SUPPLIED MATERIAL
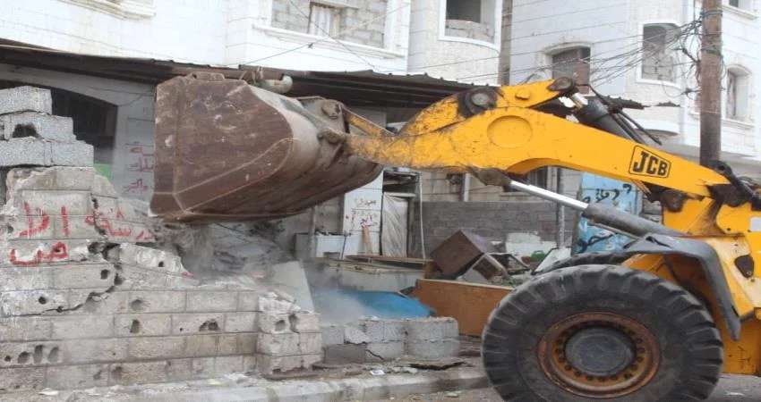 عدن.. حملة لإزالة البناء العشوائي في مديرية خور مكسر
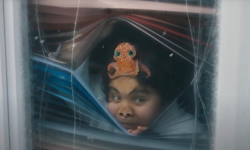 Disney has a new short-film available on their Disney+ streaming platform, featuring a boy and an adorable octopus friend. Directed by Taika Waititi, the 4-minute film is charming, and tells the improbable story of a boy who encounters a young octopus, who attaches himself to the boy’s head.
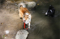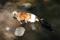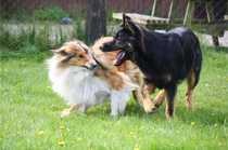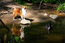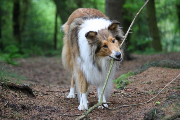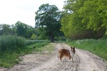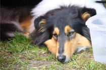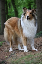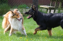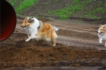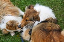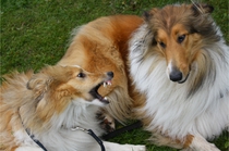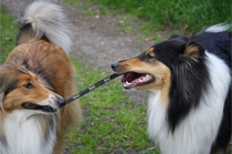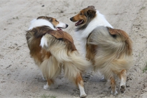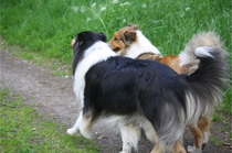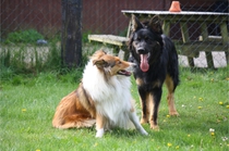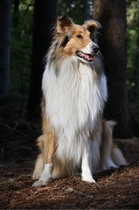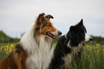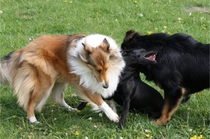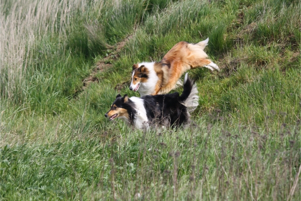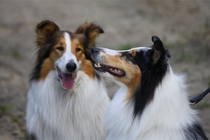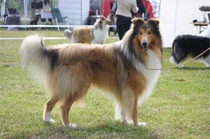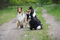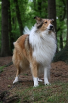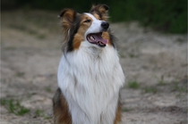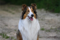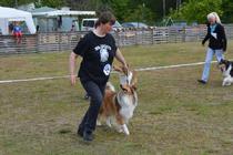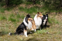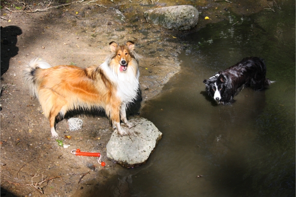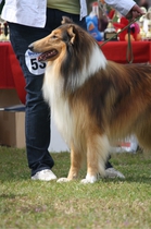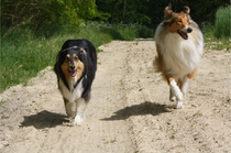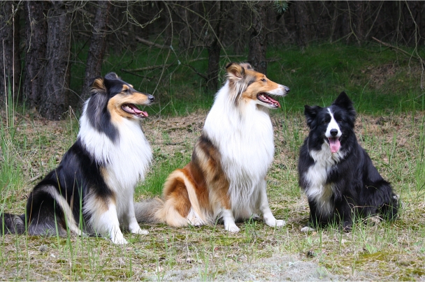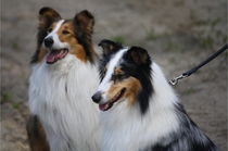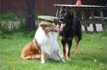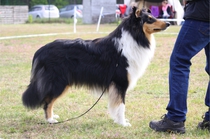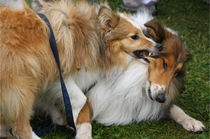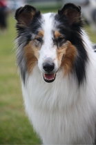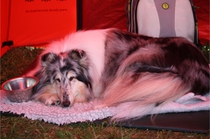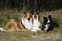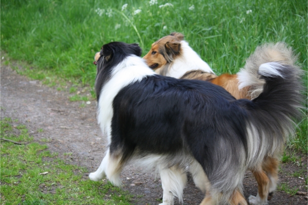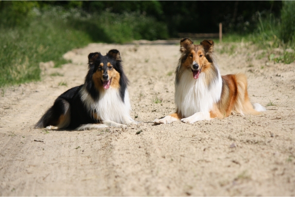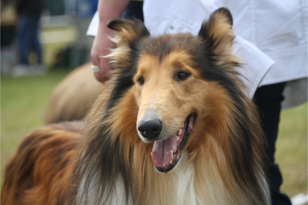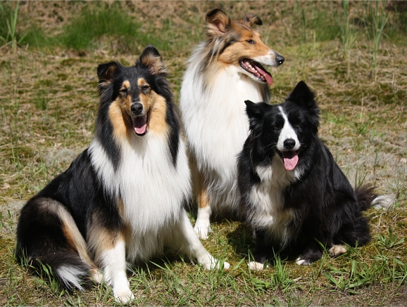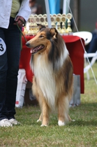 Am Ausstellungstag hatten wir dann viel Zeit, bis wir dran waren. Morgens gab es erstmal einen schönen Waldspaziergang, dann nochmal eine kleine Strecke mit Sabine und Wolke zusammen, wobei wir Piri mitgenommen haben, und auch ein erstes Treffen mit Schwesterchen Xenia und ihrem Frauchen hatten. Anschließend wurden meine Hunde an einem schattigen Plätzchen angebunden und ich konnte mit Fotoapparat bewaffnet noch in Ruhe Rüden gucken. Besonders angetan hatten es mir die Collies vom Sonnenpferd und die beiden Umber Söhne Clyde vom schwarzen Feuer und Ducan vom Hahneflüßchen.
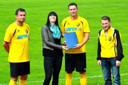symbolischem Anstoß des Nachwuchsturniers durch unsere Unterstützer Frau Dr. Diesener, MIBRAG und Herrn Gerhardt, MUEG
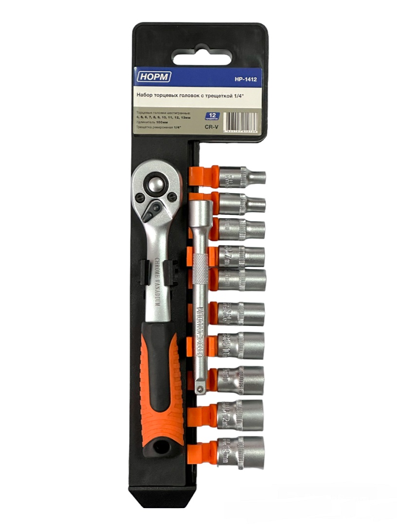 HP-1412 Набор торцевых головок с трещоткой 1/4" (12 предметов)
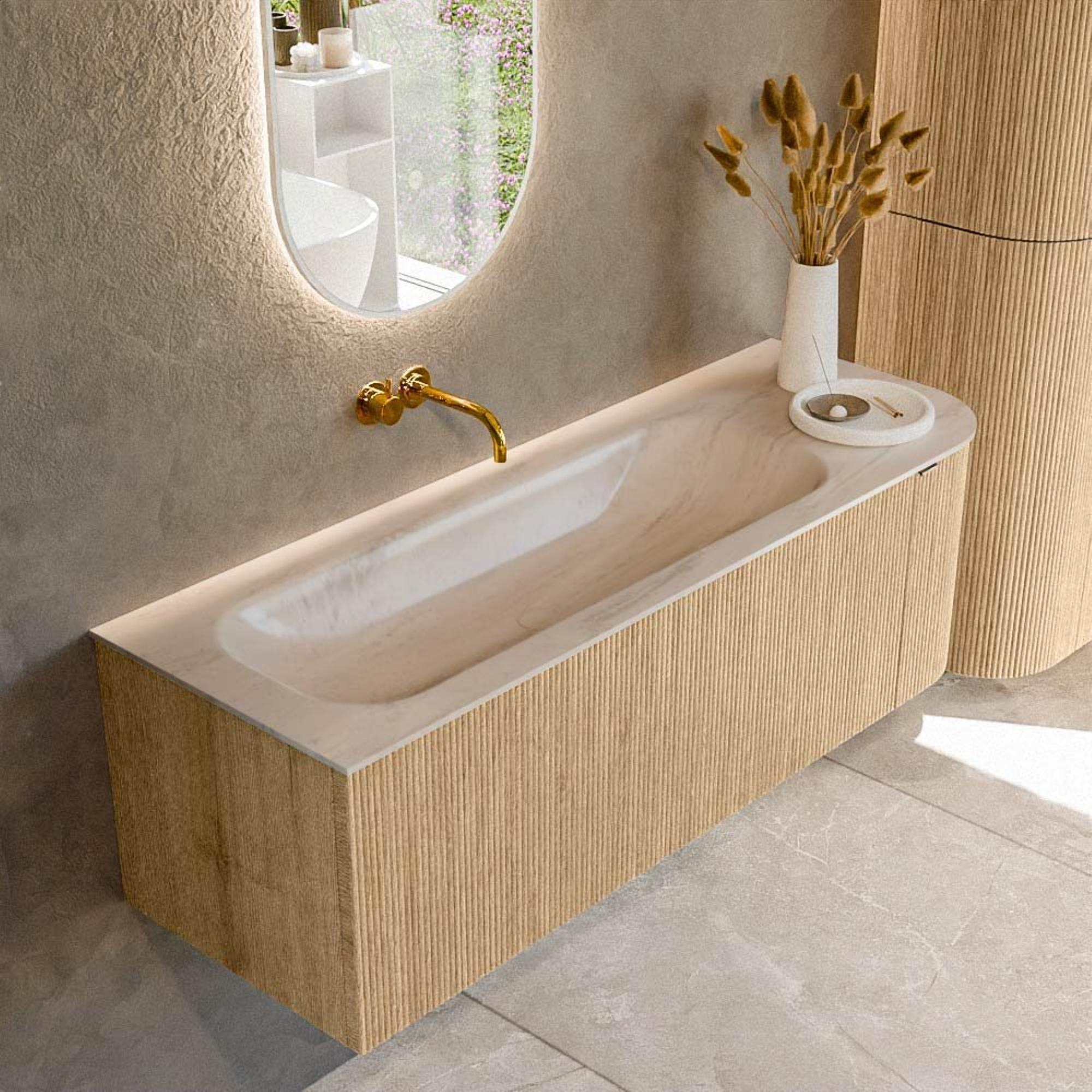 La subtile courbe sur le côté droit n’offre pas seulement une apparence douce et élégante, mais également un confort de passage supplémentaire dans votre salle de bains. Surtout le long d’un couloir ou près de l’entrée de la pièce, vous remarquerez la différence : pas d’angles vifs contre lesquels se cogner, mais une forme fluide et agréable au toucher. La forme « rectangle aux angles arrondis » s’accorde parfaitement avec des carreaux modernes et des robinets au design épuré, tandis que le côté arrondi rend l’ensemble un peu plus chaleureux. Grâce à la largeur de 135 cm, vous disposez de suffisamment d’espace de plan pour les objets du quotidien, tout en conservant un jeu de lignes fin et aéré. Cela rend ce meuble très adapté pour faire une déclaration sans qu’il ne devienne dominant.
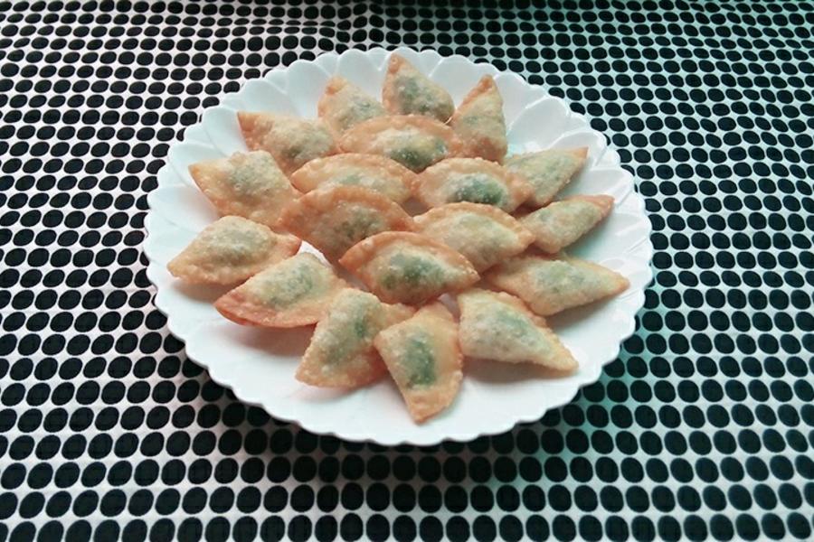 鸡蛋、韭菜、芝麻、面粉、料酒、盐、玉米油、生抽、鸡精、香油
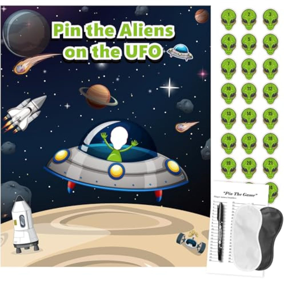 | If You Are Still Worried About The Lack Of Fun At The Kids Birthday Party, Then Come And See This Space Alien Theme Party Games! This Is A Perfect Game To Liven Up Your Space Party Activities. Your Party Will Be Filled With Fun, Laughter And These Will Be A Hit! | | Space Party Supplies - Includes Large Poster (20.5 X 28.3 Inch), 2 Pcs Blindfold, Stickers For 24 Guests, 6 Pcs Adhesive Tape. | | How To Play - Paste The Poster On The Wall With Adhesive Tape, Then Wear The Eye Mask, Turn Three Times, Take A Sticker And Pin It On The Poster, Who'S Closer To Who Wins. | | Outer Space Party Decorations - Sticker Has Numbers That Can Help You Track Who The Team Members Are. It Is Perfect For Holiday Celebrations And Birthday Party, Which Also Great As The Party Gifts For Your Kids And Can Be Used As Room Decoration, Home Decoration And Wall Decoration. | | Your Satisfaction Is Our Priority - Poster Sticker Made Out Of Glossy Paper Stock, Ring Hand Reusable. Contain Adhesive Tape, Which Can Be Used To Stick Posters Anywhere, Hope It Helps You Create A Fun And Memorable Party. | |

EXERCISE REQUIREMENTS
Each line above should be printed again exactly, though the pictures should not be.

ANSWER SECTION
 عدن.. حملة لإزالة البناء العشوائي في مديرية خور مكسر
 Disney has a new short-film available on their Disney+ streaming platform, featuring a boy and an adorable octopus friend. Directed by Taika Waititi, the 4-minute film is charming, and tells the improbable story of a boy who encounters a young octopus, who attaches himself to the boy’s head.
 Am Ausstellungstag hatten wir dann viel Zeit, bis wir dran waren. Morgens gab es erstmal einen schönen Waldspaziergang, dann nochmal eine kleine Strecke mit Sabine und Wolke zusammen, wobei wir Piri mitgenommen haben, und auch ein erstes Treffen mit Schwesterchen Xenia und ihrem Frauchen hatten. Anschließend wurden meine Hunde an einem schattigen Plätzchen angebunden und ich konnte mit Fotoapparat bewaffnet noch in Ruhe Rüden gucken. Besonders angetan hatten es mir die Collies vom Sonnenpferd und die beiden Umber Söhne Clyde vom schwarzen Feuer und Ducan vom Hahneflüßchen.
symbolischem Anstoß des Nachwuchsturniers durch unsere Unterstützer Frau Dr. Diesener, MIBRAG und Herrn Gerhardt, MUEG
 HP-1412 Набор торцевых головок с трещоткой 1/4" (12 предметов)
 La subtile courbe sur le côté droit n’offre pas seulement une apparence douce et élégante, mais également un confort de passage supplémentaire dans votre salle de bains. Surtout le long d’un couloir ou près de l’entrée de la pièce, vous remarquerez la différence : pas d’angles vifs contre lesquels se cogner, mais une forme fluide et agréable au toucher. La forme « rectangle aux angles arrondis » s’accorde parfaitement avec des carreaux modernes et des robinets au design épuré, tandis que le côté arrondi rend l’ensemble un peu plus chaleureux. Grâce à la largeur de 135 cm, vous disposez de suffisamment d’espace de plan pour les objets du quotidien, tout en conservant un jeu de lignes fin et aéré. Cela rend ce meuble très adapté pour faire une déclaration sans qu’il ne devienne dominant.
 鸡蛋、韭菜、芝麻、面粉、料酒、盐、玉米油、生抽、鸡精、香油
 | If You Are Still Worried About The Lack Of Fun At The Kids Birthday Party, Then Come And See This Space Alien Theme Party Games! This Is A Perfect Game To Liven Up Your Space Party Activities. Your Party Will Be Filled With Fun, Laughter And These Will Be A Hit! | | Space Party Supplies - Includes Large Poster (20.5 X 28.3 Inch), 2 Pcs Blindfold, Stickers For 24 Guests, 6 Pcs Adhesive Tape. | | How To Play - Paste The Poster On The Wall With Adhesive Tape, Then Wear The Eye Mask, Turn Three Times, Take A Sticker And Pin It On The Poster, Who'S Closer To Who Wins. | | Outer Space Party Decorations - Sticker Has Numbers That Can Help You Track Who The Team Members Are. It Is Perfect For Holiday Celebrations And Birthday Party, Which Also Great As The Party Gifts For Your Kids And Can Be Used As Room Decoration, Home Decoration And Wall Decoration. | | Your Satisfaction Is Our Priority - Poster Sticker Made Out Of Glossy Paper Stock, Ring Hand Reusable. Contain Adhesive Tape, Which Can Be Used To Stick Posters Anywhere, Hope It Helps You Create A Fun And Memorable Party. | |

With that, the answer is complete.